Give the data below again exactly as written, but without the pictures.
─── SOURCE DATA ───
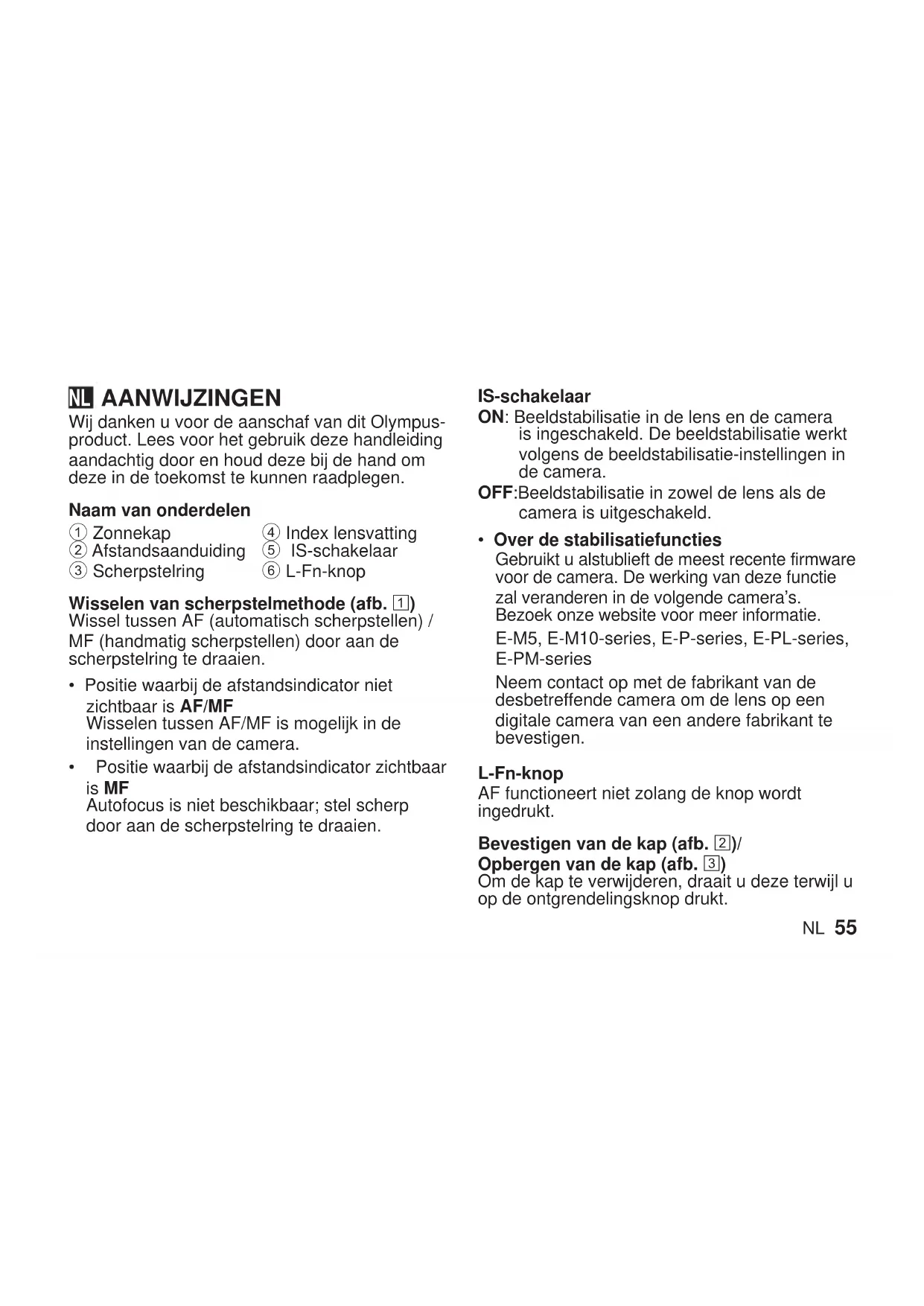 - Over de stabilisatiefuncties Gebruikt u alstublieft de meest recente firmware voor de camera. De werking van deze functie zal veranderen in de volgende camera’s. Bezoek onze website voor meer informatie. E-M5, E-M10-series, E-P-series, E-PL-series, E-PM-series Neem contact op met de fabrikant van de desbetreffende camera om de lens op een digitale camera van een andere fabrikant te bevestigen. L-Fn-knop AF functioneert niet zolang de knop wordt ingedrukt. Bevestigen van de kap (afb. 2)/ Opbergen van de kap (afb. 3) Om de kap te verwijderen, draait u deze terwijl u op de ontgrendelingsknop drukt. NL56 NL Opmerkingen over het fotograferen
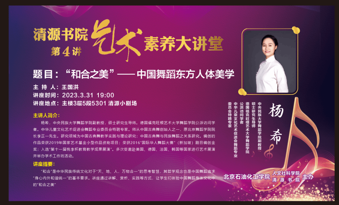 3月31日,受北京石油化工学院人文社科学院的邀请,我院硕士生导师杨希副教授,带领20级表演女班的徐雅璇、张京豫和19级表演男班的赵俊杰三位同学,参加了该院举办的艺术素养大讲堂活动,讲授主题为“和合之美”——中国舞蹈东方人体美学。
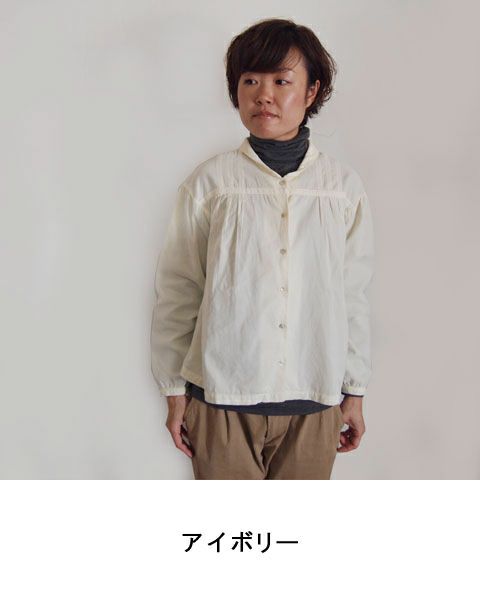 小さな衿がポイントの、前にタックの入ったふんわりしたシャツです。
───
§ **TASK OUTPUT**:
 - Over de stabilisatiefuncties Gebruikt u alstublieft de meest recente firmware voor de camera. De werking van deze functie zal veranderen in de volgende camera’s. Bezoek onze website voor meer informatie. E-M5, E-M10-series, E-P-series, E-PL-series, E-PM-series Neem contact op met de fabrikant van de desbetreffende camera om de lens op een digitale camera van een andere fabrikant te bevestigen. L-Fn-knop AF functioneert niet zolang de knop wordt ingedrukt. Bevestigen van de kap (afb. 2)/ Opbergen van de kap (afb. 3) Om de kap te verwijderen, draait u deze terwijl u op de ontgrendelingsknop drukt. NL56 NL Opmerkingen over het fotograferen
 3月31日,受北京石油化工学院人文社科学院的邀请,我院硕士生导师杨希副教授,带领20级表演女班的徐雅璇、张京豫和19级表演男班的赵俊杰三位同学,参加了该院举办的艺术素养大讲堂活动,讲授主题为“和合之美”——中国舞蹈东方人体美学。
 小さな衿がポイントの、前にタックの入ったふんわりしたシャツです。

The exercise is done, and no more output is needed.